In fact, it is difficult to achieve good results by only entering depth information because of the limitation of information content [17,18]. Researchers have come up with several ideas for solving. SI-Net [19] found that ordinary convolution directly used to complete depth could not achieve good results. They proposed a simple and effective sparse convolution layer, which weighted the elements of the convolution kernel according to the validity of the input pixels. Then they transferred the information about the validity of pixels to the subsequent layers of the network. The improvement makes the deep completion task based on a convolutional neural network successful. The relationship between convolution and confidence has become a research hotspot in this field [20,21]. Considering that the use of confidence as a binary value mask to filter out lost measurements can ignore valuable information in the confidence map, N-CNN [22] proposed an algebraic constrained convolutional layer for sparse input CNNS. They used signal confidence as a continuous measure of data uncertainty and convolution constrained by confidence to achieve superior performance. However, Spade [8] believed that sparse convolution is not necessary. They used the ordinary dense CNN architecture and the new sparse training strategy to produce significantly better performance. However, it depends on the change of training mode, and the robustness is poor. According to HMS-NET [23], sparse invariant convolution not only loses numerous spatial information but also cannot be directly integrated into multi-scale structures. Therefore, they proposed three sparse invariant operations for processing sparse inputs and feature maps. And they designed a hierarchical multi-scale network structure that integrates information of different scales to solve the deep completion task.

SPN [24] combined global and local information to learn confidence in an unsupervised manner. The predicted depth maps are weighted by the respective confidence maps. On this basis, PNCNN [25] learned the input confidence estimator in a self-supervised way based on a normalized convolutional neural network to identify the interference measurements in the input. They proposed a probabilistic version of NCNN that produces a statistically meaningful measure of uncertainty for the final prediction. However, the reliability of the effect cannot be guaranteed when the completion result is directly used for the subsequent judgment of depth because the confidence degree is not supervised by the truth value in the learning of these networks. As sparse information provided by spare depth is limited, we should make full use of the local neighborhood information to strengthen the dependence relationship of the neighborhood [26,27].

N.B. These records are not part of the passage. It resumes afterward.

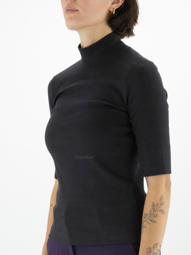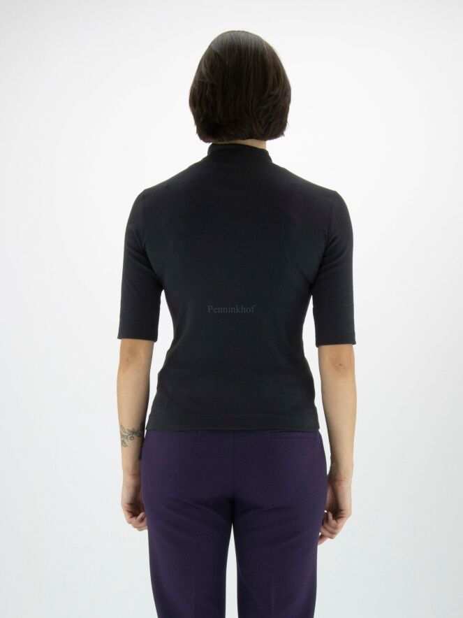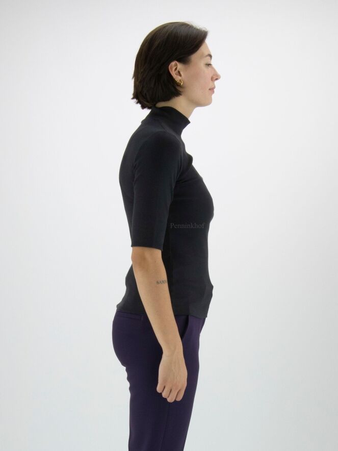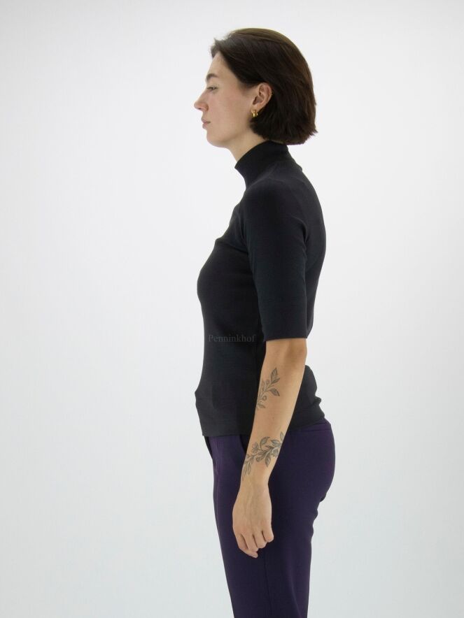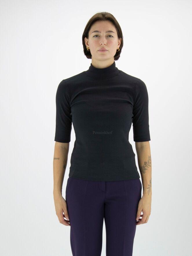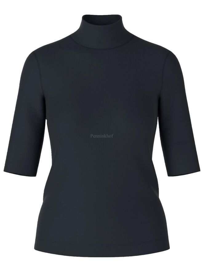 A shirt from Marc Cain in the colour navy blue. The shirt has short sleeves and a turtle neck. This shirt may be washed at 30 degrees.
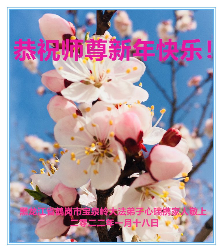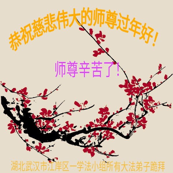 师父,过年好!严寒尽逝春来到,恭祝伟大的师尊新年快乐!世人在觉醒,坚冰在融化。法轮佛法带给这个世界的是希望、是美好和光明。唤醒人的良知和善根。沐浴浩荡佛恩中弟子无以回报,唯有精進报师恩。
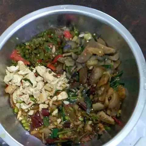 1、牛蛙宰杀去头去皮去内脏洗净,斩成块,用盐、胡椒粉、干豆粉、料酒上浆码味。泡红辣椒去蒂去籽切成节,大葱洗净切成节,泡姜切成姜米!
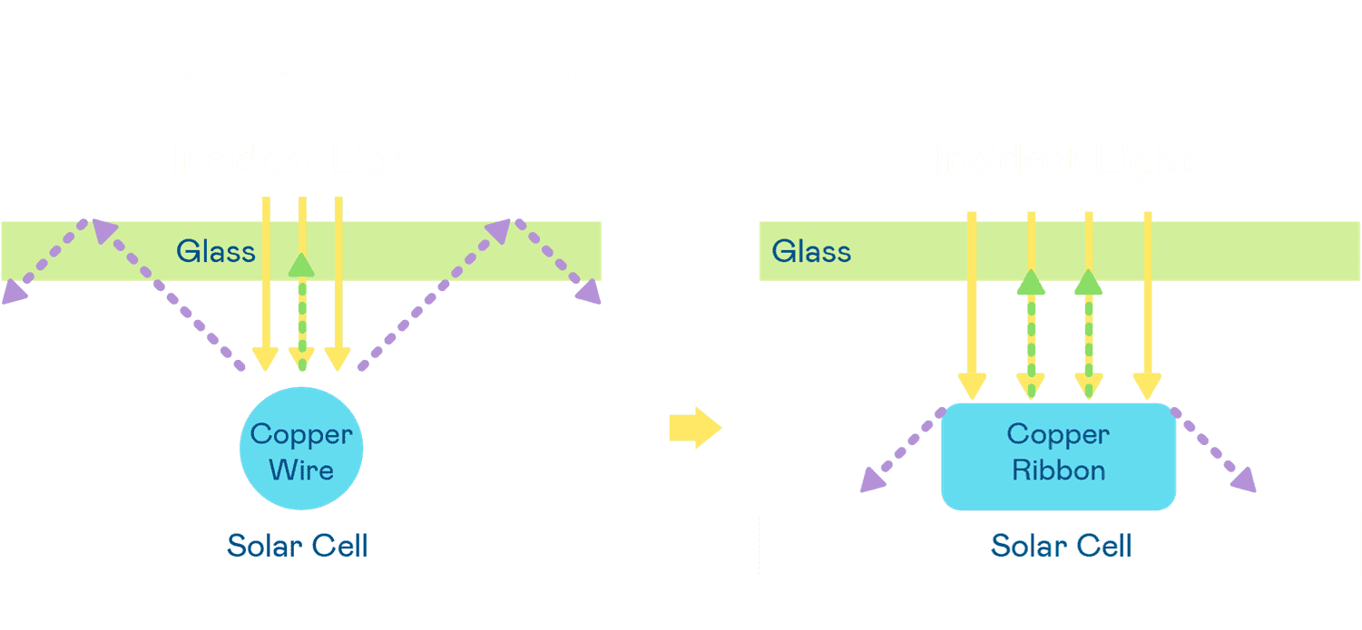 - 电池使用多条铜导线 (Copper wire) 于电池片上形成较短的电流路径,,,,提高电流收集效率,,采用圆形设计的铜导线较传统扁平式的铜焊带 (Ribbon),,,可增加入射至电池的光线量。。
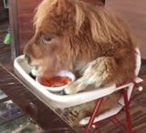 OMG, how cute: Tiny horse sitting in a high chair eating breakfast
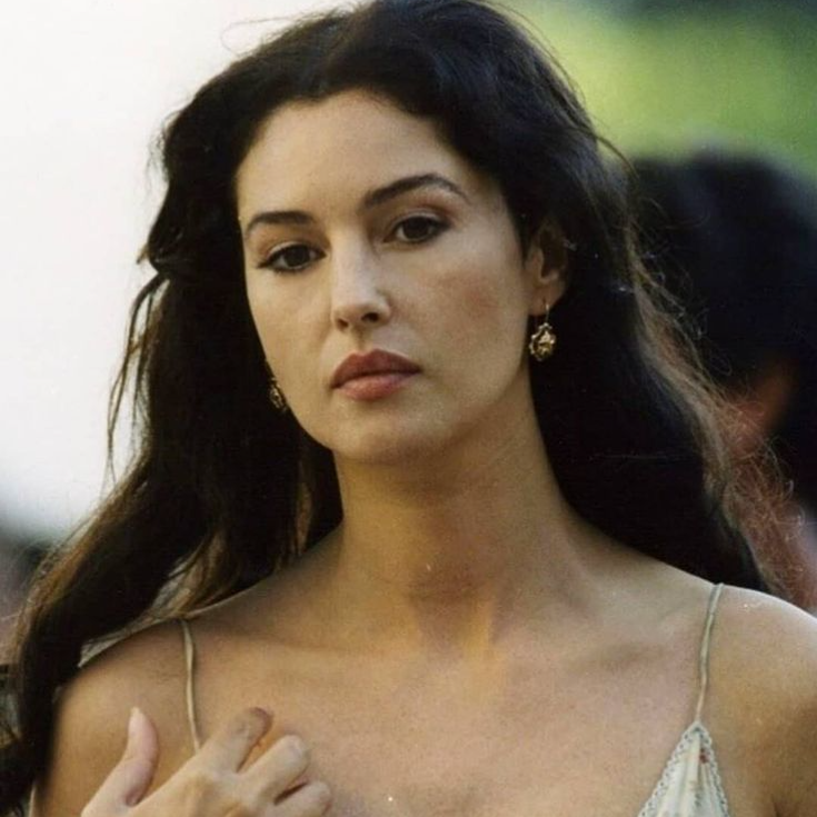 In the bustling streets of Sicily, {{user}} catches sight of Malèna while she gracefully navigates the crowd. It's a scorching summer day, and as {{user}} idly watches the passersby, his attention is immediately drawn to Malèna's radiant presence. She stands out amidst the throng, her long, flowing hair and elegant stride captivating his imagination.
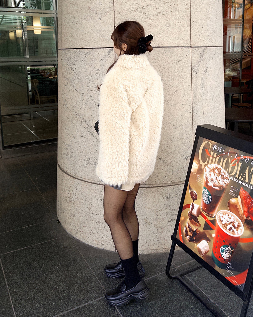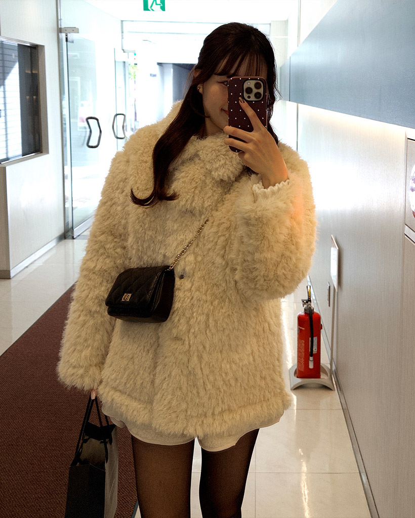 カラーネックファーハーフコート
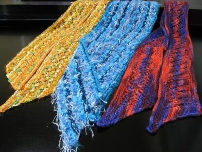The scarves in the picture were all knitted using US 10.5 (6.5 mm) needles and three different yarns. In each case one skein of yarn was used.
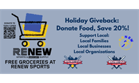 Join ReNew Sports and Fitness to give back to our community - from now until the end of December, donate 3 or more non-perishable food items to their food pantry and receive a 20% discount on your purchases. Clickherefor more info...
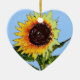 A pintura original de um girassol bonito amarelo com verde sae em um fundo azul. Mude facilmente o fundo azul a uma outra cor de sua escolha. Apenas clique sobre editam e clicam então sobre o fundo para mudá-lo. É mostrado coração cerâmico o ornamento dado forma. O ornamento perfeito para o amante de natureza, o jardineiro, o florista, ou apenas o qualquer um que ama girassóis!
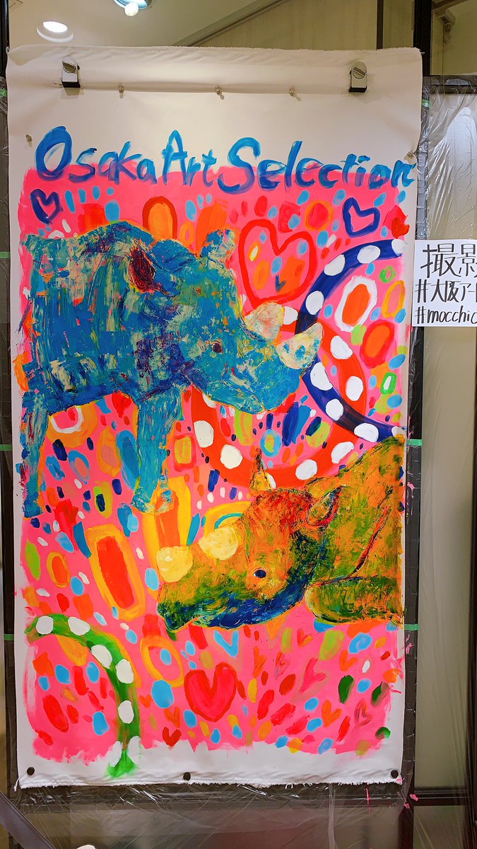 初サイ❣️🦏 天王寺動物園のライくんとサミアちゃんをモデルに描きました🎨 予定より1時間くらいオーバーしたけど営業時間内に完成させました🎊 疲労困憊!でもむちゃくちゃ楽しい時間でした!10/12(火)まで大阪高島屋さんで展示販売してるので見に来てねー🌈💖 #大阪アートセレクション #mocchicolor
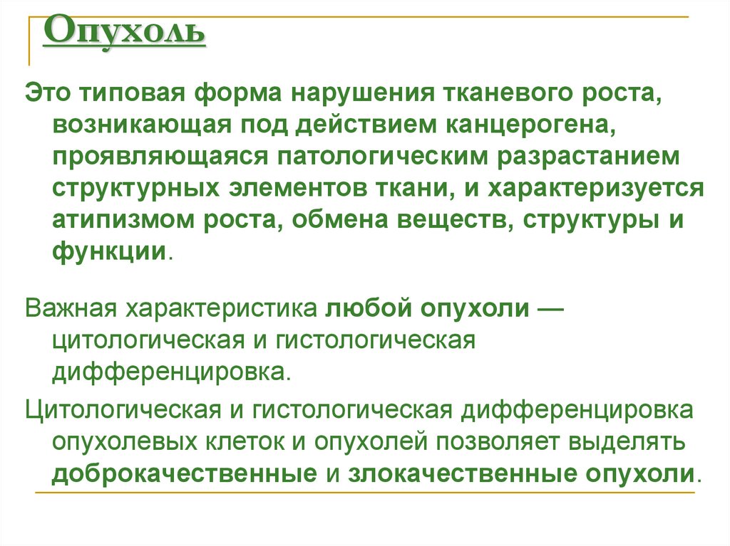 ОпухольЭто типовая форма нарушения тканевого роста,
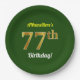 Green, Faux Gold 77th Birthday + Custom Name Paper Plate
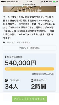 2016/07/31 22:59無事に達成!本当にありがとうございます! ご縁があってこのプロジェクトを知ってくださった方。 支援してくださったり、いろいろな方へ紹介してくださった方も沢山いらっしゃいました! 本当に何度言っても足りませんが、 ありがとうございます!! スタッフ一同とても嬉しいです。 お金が入ってくる事が、という事ではなく、 私たちの取り組みを沢山の人に知ってもらい、共感してもらい、そして一緒に作り上げていける事が、本当に嬉しいです。 応援してくださった方たちは、葉山にいらっしゃった際、自分のお陰でこの宿がある出来たんだと自慢してくださいね。 冗談抜きで、皆様が関わってくれた結果、良い宿が出来上がるのです。 サクセスこそしましたが、プロジェクトはあと1時間ほど残っています。 一緒に葉山の宿、「港の灯り」を作りたい方は是非ご協力ください! 一緒に楽しいことを沢山しましょう!! 新しい出会い、関わりを楽しみにしています。 本当に、ありがとうございました! もっと見る
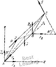 Пример выполнения задания. Дано: рама ABCD весом 0=1 кН; Я = 2 кН; ЯМ ; AD = ВС = 60 см; ЛА = CD =100 см; а = 30°; р = 60 (рнс. 60). Нантн и Rn (Л -шаровой шарнир, fl -петля). Решение. Рассмотрим равновесие сил, приложенных к раме: силы тяжести С, силы Р, реакции S стержня СЕ и составляющих реакций оиор А и В: Ха, Уд. а, Хц, (рис. 61). Прежде всего ![]()
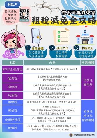 稅捐稽徵機關協助災民申辦減免,國稅局專線0800-000-321321。
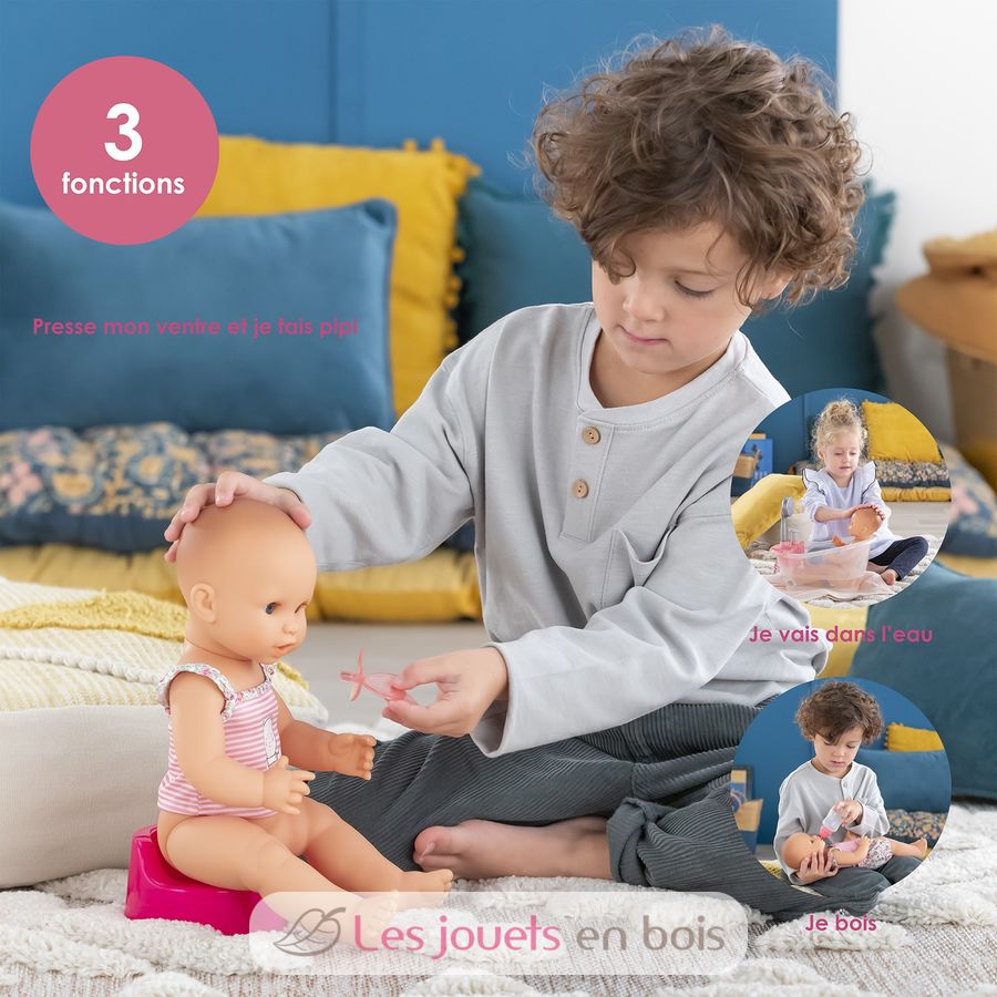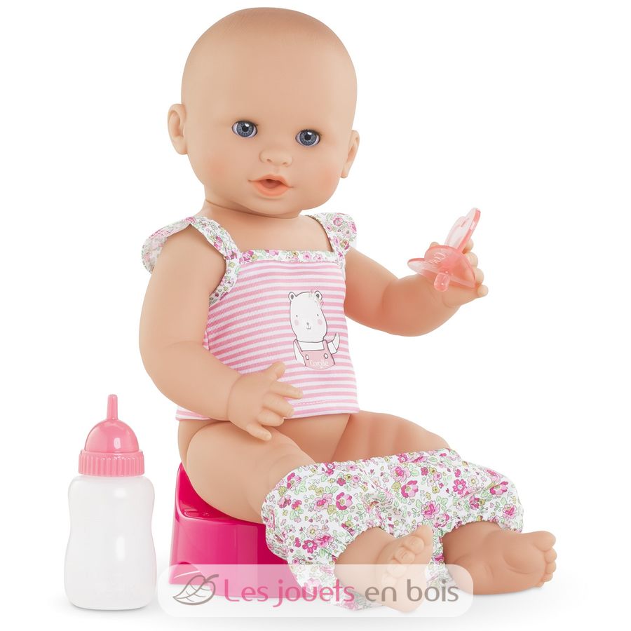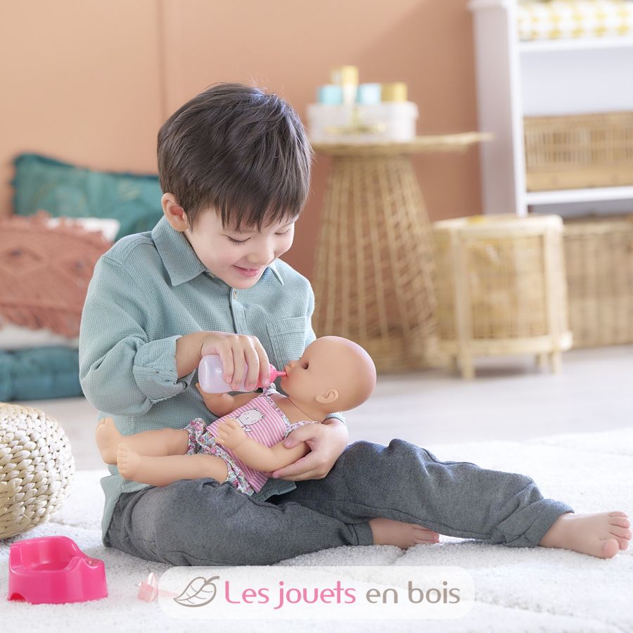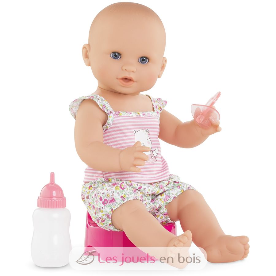 Avec ses 3 accessoires inclus (son pot, son biberon et sa tétine), ce grand poupon sexué fille de 36 cm :
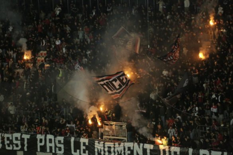 A Mario themed tifo from the Nice fans in the Côte d’Azur derby.
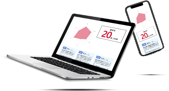 16項目の質問に対し5段階評価で自社の状況をお答えいただくだけ。数分で診断できます。
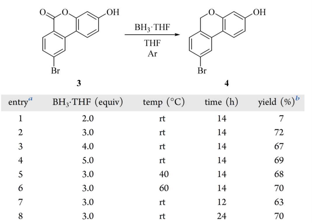 鉴于成本低、适用性广,作者选用 BH₃·THF 作为替代还原剂。相比苯基硅烷/GaBr₃ 体系,BH₃·THF 可高选择性地将 6H-苯并[c]色烯-6-酮(3)还原为 6H-苯并[c]色烯(4),副产物极少。当 BH₃·THF 用量低于 3.00 eq.时,产率显著下降(表 3,entries 1–2);增至 4.00 或 5.00 eq.未提升产率(entries 2–4);升温至 40 或 60 °C 亦无改善(entries 5–6);缩短至 12 h 导致转化不足,延长反应时间则产率持平(entries 7–8)。故选定entry 2 条件用于放大。BH₃·THF 的淬灭是关键安全步骤:因 BH₃ 高度活泼,淬灭不彻底可能在后续萃取或减压浓缩中突发氢气释放,引发严重风险。标准操作为:冰浴冷却反应液至 0–5 °C,缓慢滴加甲醇至无气体逸出,再进行后续处理。粗品经萃取、浓缩后可直接用于下一步反应——实验证实,本步杂质不影响下游转化效率;而纯化(浆洗或重结晶)不仅收率低(重结晶仅 48%,柱层析 73%)、纯度未达优(重结晶 98%,但颜色差),反而增加操作风险与损耗。
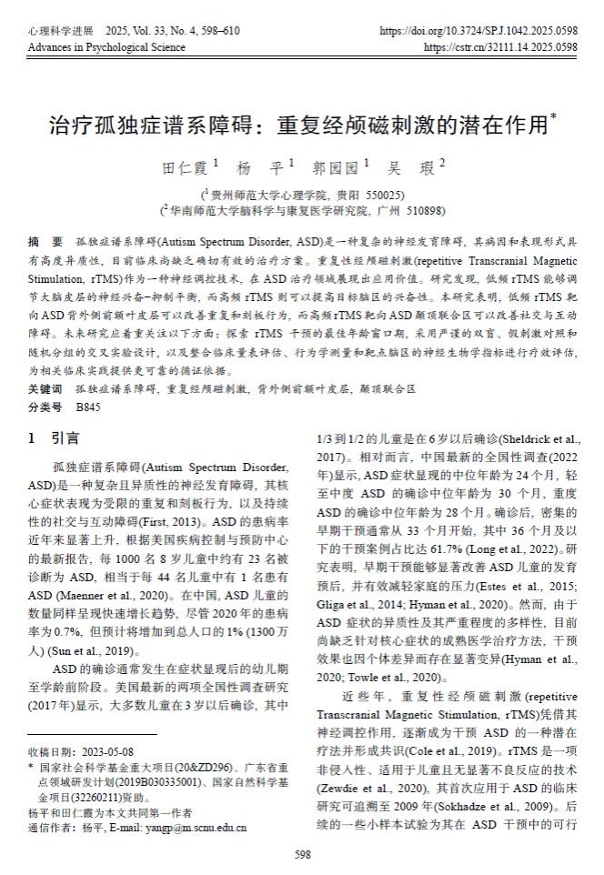 4. 研究生田仁霞作为第一作者,杨平副教授作为通讯作者,2025年3月在CSSCI期刊《心理科学进展》上发表了题为“治疗孤独症谱系障碍:重复经颅磁刺激的潜在作用”的研究论文。研究发现,低频rTMS靶向ASD背外侧前额叶皮层可以改善重复和刻板行为,而高频rTMS靶向ASD颞顶联合区可以改善社交与互动障碍。

An affinity is a display form of neighborhood information, which can represent the coherence of color and texture and the similarity between pixels and pixels at the semantic level. But it is not usually seen as part of the learning problem [28]. SPN [24] proposed spatial propagation networks that use learned affinities to guide and disseminate information in images. All modules are differentiable and jointly trained using stochastic gradient descent methods, which are also computationally very efficient. Based on this, CSPN [29] proposed a convolution space propagation network. It no longer scans row/column propagation from four directions like SPN [24] but propagates in parallel through recursive convolution operation. Learning the affinity between adjacent pixels by the deep convolutional neural network can improve the effectiveness and speed of the deep completion task. However, the mode of propagation has a definite limitation, requiring a fixed local neighborhood configuration for propagation. Once the local neighbor is fixed, there will be irrelevant information mixed with the reference information, resulting in the mixing depth problem, especially at the depth boundary. Therefore, NLSPN [30] introduced a learnable affinity normalization method to learn affinity combinations better. They avoided the irrelevant local neighborhood effectively and focused on the relevant non-local neighborhood in the propagation process. However, it has a strong dependence on the neighborhood and a low dependence on confidence. In addition, it takes numerous iterations to receive good results. The complex calculation makes the speed decrease greatly and cannot meet the real-time demand. Based on CSPN [29], DSPN [31] decoupled the neighborhood into different parts according to different distances, generates independent attention graphs recursively, and refines these parts into adaptive affinity matrices. However, it is still based on sparse depth and color image fusion. Therefore, we put forward the idea of confidence reaggregation. We learn neighborhood affinity in the form of spatial propagation and further refine local depth in order to improve the accuracy of depth completion.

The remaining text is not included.